Según indicó el Ministerio de Defensa en su web, «con una duración prevista de 164 días y la participación de unas 200 personas, el Hespérides llevará a cabo una intensa actividad de apoyo logístico a las Bases Antárticas Españolas ‘Gabriel de Castilla’ y ‘Juan Carlos I’, así como el desarrollo de diversos proyectos científicos, de alto valor estratégico y tecnológico». «El Comité Polar Español es el encargado de la coordinación de las actividades que los diferentes organismos desarrollan durante las Campañas Antárticas», recuerdan desde la Armada.

Abrazos y amor puro antes de la salida del Hespérides, que zarpa hacia la Antártida para 164 días de investigación científica.

Abrazos y amor puro antes de la salida del Hespérides, que zarpa hacia la Antártida para 164 días de investigación científica. / Iván Urquízar

Dichos trabajos serán de índoles tan dispares como el estudio de la actividad solar, geodésica, de morfología subacuática, o de cambio climático.

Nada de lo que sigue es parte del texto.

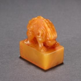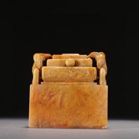 旧藏 田黄石双兽钮印章。规格:高4㎝宽3.5㎝厚2.2㎝重52g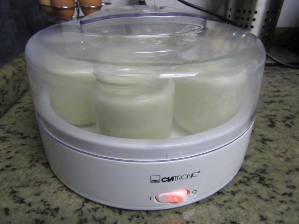 En yogurtera sin tapar los vasitos, conectada 8 horas.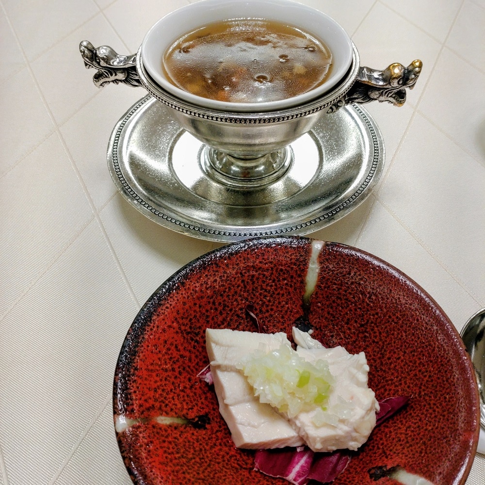 検査が無事終わったあとの蒸し鶏と中華スープ。人間ドックのご褒美にホテルのランチ券を利用しました。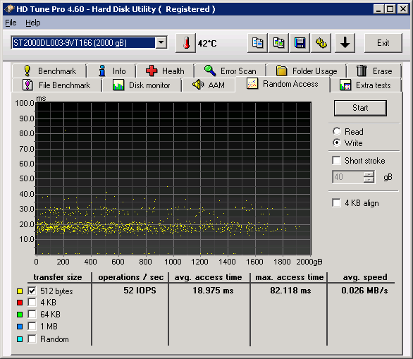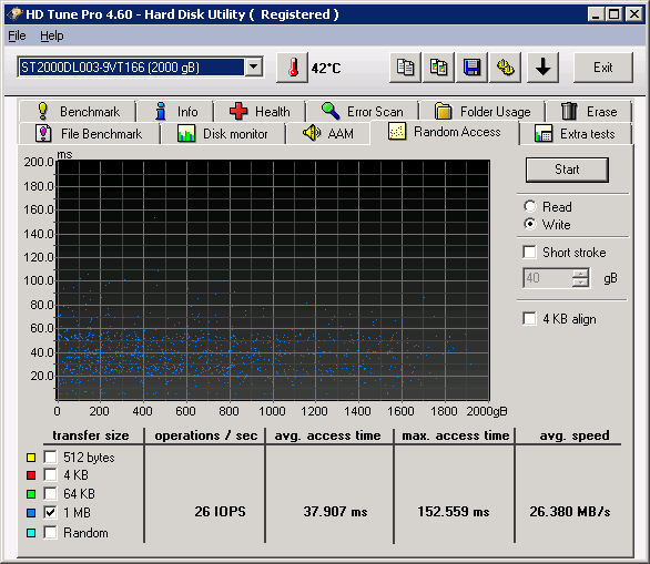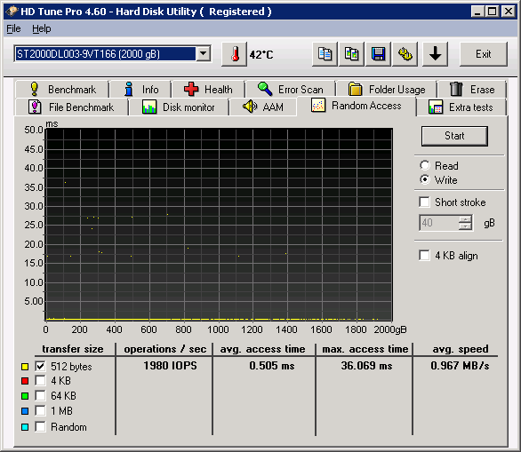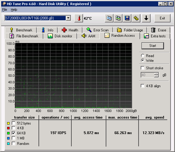 HD Tune также поможет проверить, каким образом на самом деле работает технология Smart Align от Seagate. Посмотрите на скриншоты с результатами тестов произвольной записи: на мелких блоках время доступа неправдоподобно низкое, и «облако» запросов плотно прижалось к нижней границе шкалы. На блоках размером 1 Мбайт эффект уже пропадает.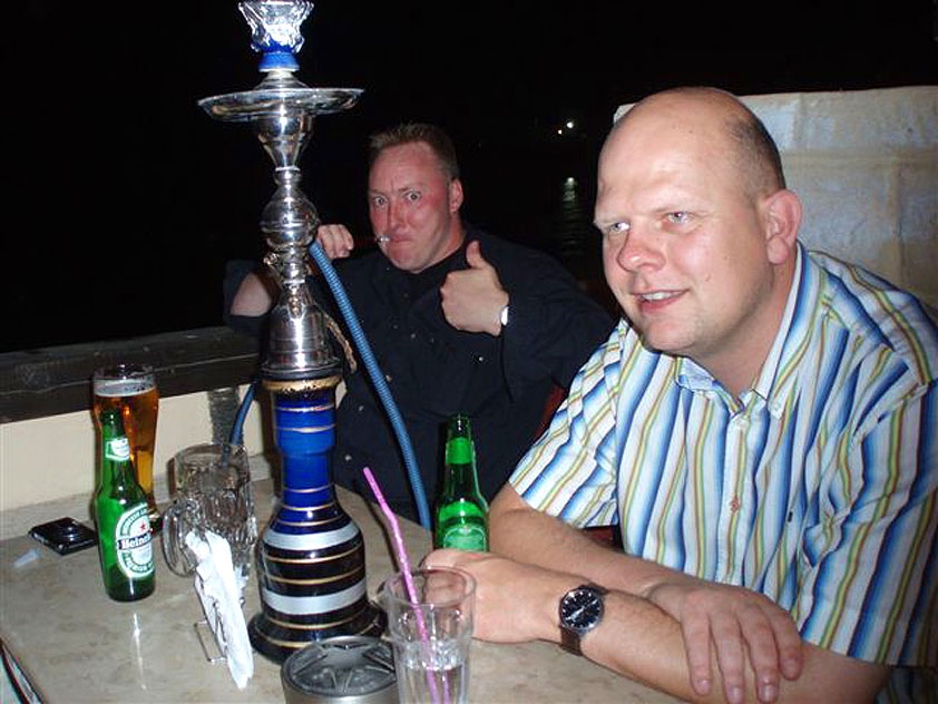 Great. Even the fact that we run through the free booze Farid arranged fairly quickly does no detriment to that. And Farid is not to blame for that anyway, by the way, because our thirst is great, after such a long dusty day of driving. And so we have great fun. In the end, I am te last to return to the hotel, thus winning the partyleague for the night (and so completely, because the other two nights it was a draw between me and the others remaining) - but nobody sees that, because the remaining organizers have by then long since left with those left, when I wasn't paying attention but haggling on that beach with that guard. Doesn't matter, because the organizers later believe my story, when Erik comes around to jot down everyone's end time.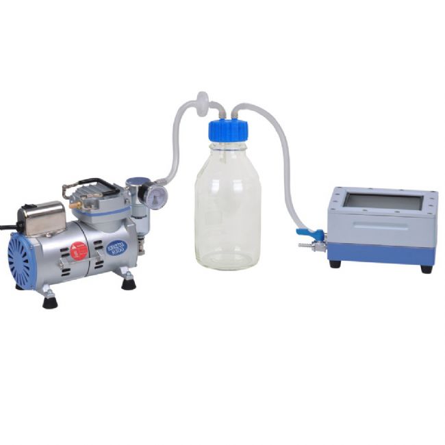 裝置內(nèi)標(biāo)配1臺R300無油真空抽濾,插上電源、開機(jī)即可使用,易于操作,無需使用經(jīng)驗(yàn)。抽濾泵能提供穩(wěn)定、可控的負(fù)壓吸引力(標(biāo)配調(diào)節(jié)閥,可控制負(fù)壓吸力和過濾速度)。 這是整個裝置運(yùn)作的“心臟”。 通過電機(jī)驅(qū)動,將整個密閉系統(tǒng)內(nèi)的空氣持續(xù)抽出,在過濾座腔室和廢液瓶內(nèi)形成低于大氣壓的環(huán)境。這個壓差是液體穿過濾膜進(jìn)入廢液瓶的根本動力。此外R300前置了1組緩沖杯組件,出了具有一定防倒吸能力外,還能起到使負(fù)壓變得持續(xù)、平穩(wěn)的效果。壓力波動過大會導(dǎo)致不同孔位間的過濾速度不一致,影響結(jié)果的均一性和回收率,而且壓力過高可能擠壓樣本或損壞濾膜,壓力過低則過濾緩慢甚至停滯。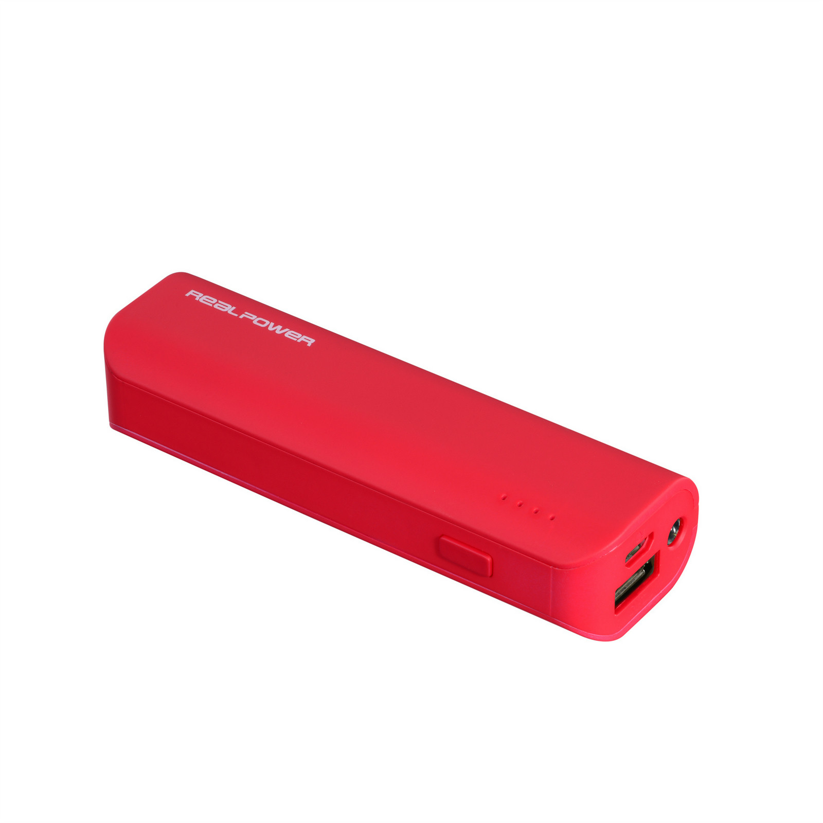 RealPower PB-2600, 2600 mAh lithium-ion, 5V/1000mA The RealPower PB-2600 charges your smartphone on the go. The powerbank offers an integrated rechargable battery with 2600 mAh, which does not only charge your smartphone, but also other mobile devices like MP3-players or digital cameras. The scope of delivery includes a Micro-USB cable. LED lights inform you about the powerbanks current status. It also offers a protection to avoid excessive charging or discharging. The robust and classy rubber coating case is available in five different colours.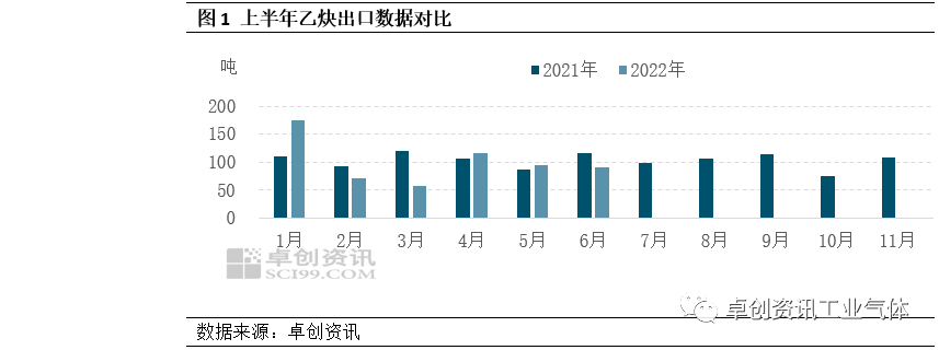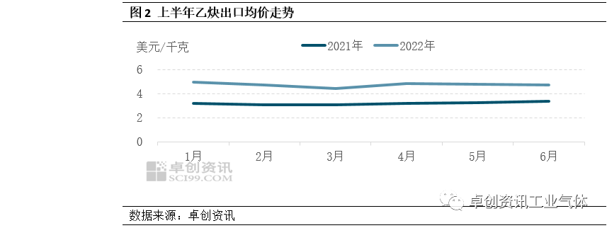 1.上半年中國乙炔出口量(liàng)下(xià)降 出(chū)口單價上漲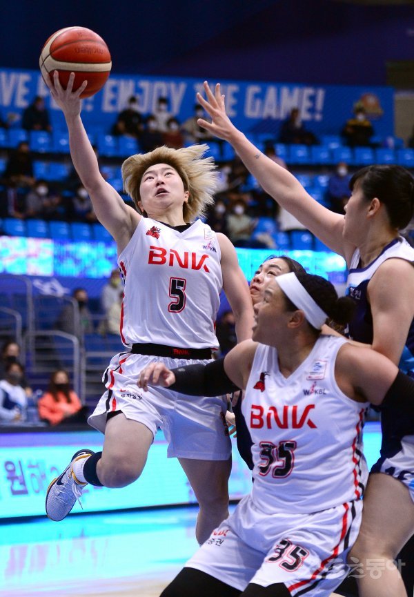 21일 인천 도원체육관에서 열린 ‘신한은행 SOL 2022~2023 여자프로농구’는 ‘ 인천 신한은행과 부산 BNK 썸 경기에서 BNK 썸 안혜지가 신한은행의 수비를 뚫고 골밑 슛을 하고 있다.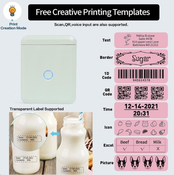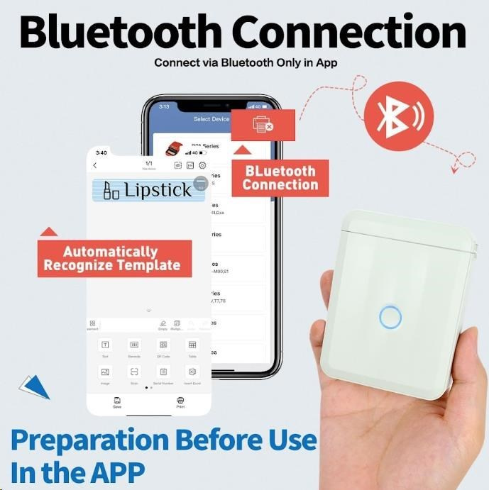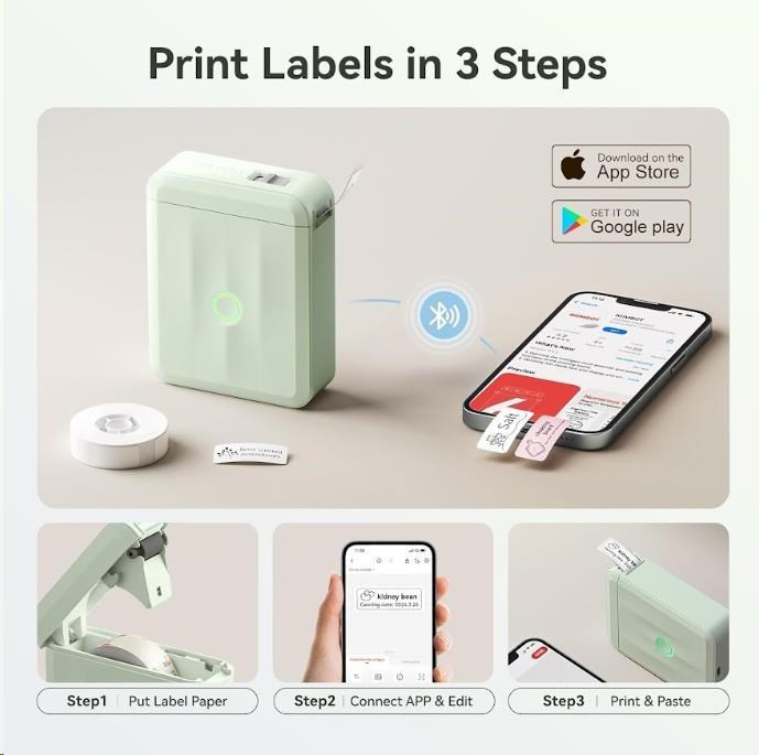 Grazie alla connessione Bluetooth e all'app gratuita Niimbot App per Android e iOS, puoi progettare e stampare etichette direttamente dal tuo telefono o tablet. L'app offre più di 1500 icone, 100 cornici e 19 font, così puoi personalizzare le tue etichette nei minimi dettagli.

Entre ellos destaca el proyecto ‘Galileo’, desarrollado por el Instituto Hidrográfico de la Marina (IHM), para apoyar la validación del Servicio PRS (Public Regulated Service) del sistema de posicionamiento europeo ‘Galileo’ en zonas de altas latitudes del hemisferio sur, detallan desde el organismo que dirige Margarita Robles.

Once laboratorios

Para poder realizar los estudios, el buque cuenta con once laboratorios dedicados a los diferentes tipos de investigación, que suponen más de 350 metros cuadrados de espacios permanentes dedicados a la ciencia a bordo.

Además, entre el equipamiento científico fijo a bordo destacan distintos sondadores para la cuantificación de la biomasa y trabajos de batimetría hidrográfica, un perfilador sísmico, un gravímetro marino y un CTD (’Conductivity-Temperature-Deep’), que puede recoger muestras de agua en diferentes cotas hasta los 6.000 metros de profundidad mientras realiza otras mediciones, precisan desde el Ministerio. Todo técnico e importante. Mientras, cientos de personas emprenden la cuenta atrás para volver a darse un abrazo.